Work item - Please give back each line below unchanged; none of the pictures should appear.

Dataset extract -
____________
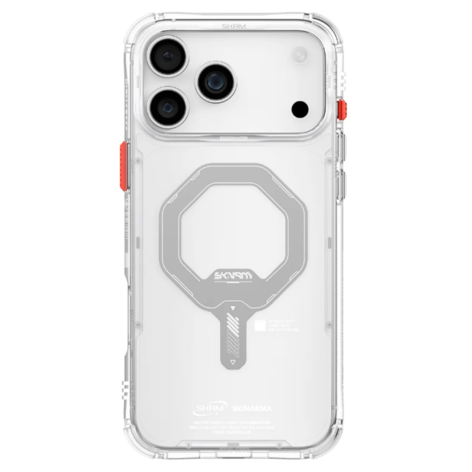 skinarma iPhone 17 Pro Max (6.9") 2025 Saido Mag-Charge Case - Clear , Compatible with Magnetic Charging- 360 Full Protection- 2H Scratch Resistance- Accessories Pack Includes Extra Set of Transparent Button & Frost Red Lanyard Loops
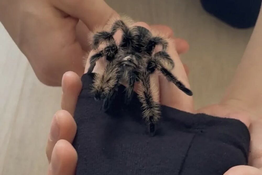 Она положила паука на плечо, но когда он двинулся к шее, паника вернулась: «Он шевелится! Убери!» — закричала Зухра, и питомца быстро вернули в террариум.
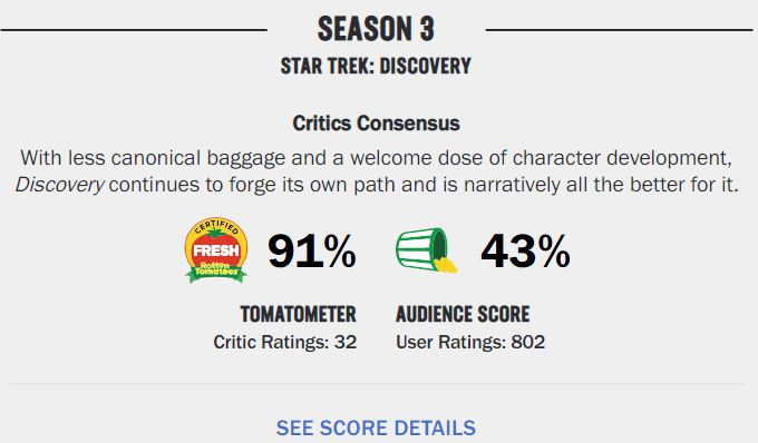 "Accepting" is probably one of the more apt ways to describe it.Season 3 doesn’t seem too bad. Probably because I have normalized myself with the series. Watching season 1, I was quite upset as it doesn’t feel like Star Trek. It’s basically Michael Burnham doing and capable of doing everything. Didn’t feel like Trek at all. But now with season 3, I have accepted it, and can enjoy the shows more.
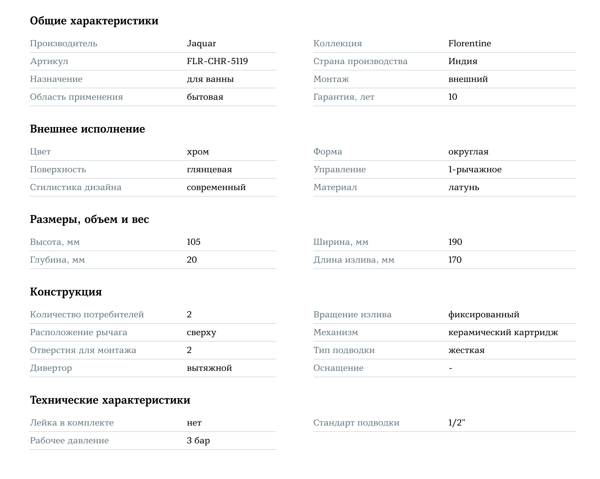 Смеситель для ванны Jaquar Florentine FLR-CHR-5119 — это сочетание качества, функциональности и стильного дизайна, которое станет настоящим украшением вашей ванной комнаты, добавляя удобство и элегантность.
____________
Exercise solution -
 skinarma iPhone 17 Pro Max (6.9") 2025 Saido Mag-Charge Case - Clear , Compatible with Magnetic Charging- 360 Full Protection- 2H Scratch Resistance- Accessories Pack Includes Extra Set of Transparent Button & Frost Red Lanyard Loops
 Она положила паука на плечо, но когда он двинулся к шее, паника вернулась: «Он шевелится! Убери!» — закричала Зухра, и питомца быстро вернули в террариум.
 "Accepting" is probably one of the more apt ways to describe it.Season 3 doesn’t seem too bad. Probably because I have normalized myself with the series. Watching season 1, I was quite upset as it doesn’t feel like Star Trek. It’s basically Michael Burnham doing and capable of doing everything. Didn’t feel like Trek at all. But now with season 3, I have accepted it, and can enjoy the shows more.
 Смеситель для ванны Jaquar Florentine FLR-CHR-5119 — это сочетание качества, функциональности и стильного дизайна, которое станет настоящим украшением вашей ванной комнаты, добавляя удобство и элегантность.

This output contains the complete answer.